* _WHAT YOU ARE ASKED TO DO_:
Answer with one number: the count of lines in this material that hold the word "featuring".

* _RECORDS FOR THIS EXERCISE_:
=== Begin Enclosure ===

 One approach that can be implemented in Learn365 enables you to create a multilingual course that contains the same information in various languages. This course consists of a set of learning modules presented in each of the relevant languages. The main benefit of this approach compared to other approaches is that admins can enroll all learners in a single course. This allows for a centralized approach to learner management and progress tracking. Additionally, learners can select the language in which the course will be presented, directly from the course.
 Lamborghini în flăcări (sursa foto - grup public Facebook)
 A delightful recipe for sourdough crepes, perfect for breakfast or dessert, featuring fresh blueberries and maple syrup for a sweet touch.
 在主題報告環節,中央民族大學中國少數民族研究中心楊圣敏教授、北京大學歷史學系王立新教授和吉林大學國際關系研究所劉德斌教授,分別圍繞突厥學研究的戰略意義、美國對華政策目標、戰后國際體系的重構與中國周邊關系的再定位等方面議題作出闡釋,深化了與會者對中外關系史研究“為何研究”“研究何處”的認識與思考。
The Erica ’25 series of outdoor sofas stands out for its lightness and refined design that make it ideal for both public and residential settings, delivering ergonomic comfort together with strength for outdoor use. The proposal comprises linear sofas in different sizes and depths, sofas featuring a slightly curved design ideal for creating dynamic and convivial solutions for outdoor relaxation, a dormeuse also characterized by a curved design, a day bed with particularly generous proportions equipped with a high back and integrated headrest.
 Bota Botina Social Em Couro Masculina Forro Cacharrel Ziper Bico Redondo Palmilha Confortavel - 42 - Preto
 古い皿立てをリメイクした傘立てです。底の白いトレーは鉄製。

=== End Enclosure ===
=== Begin Enclosure ===

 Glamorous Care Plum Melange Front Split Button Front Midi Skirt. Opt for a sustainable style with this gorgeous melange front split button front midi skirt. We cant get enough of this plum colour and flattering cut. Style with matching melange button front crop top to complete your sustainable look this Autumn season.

=== End Enclosure ===

* _RESULT FOR THIS TASK_:
2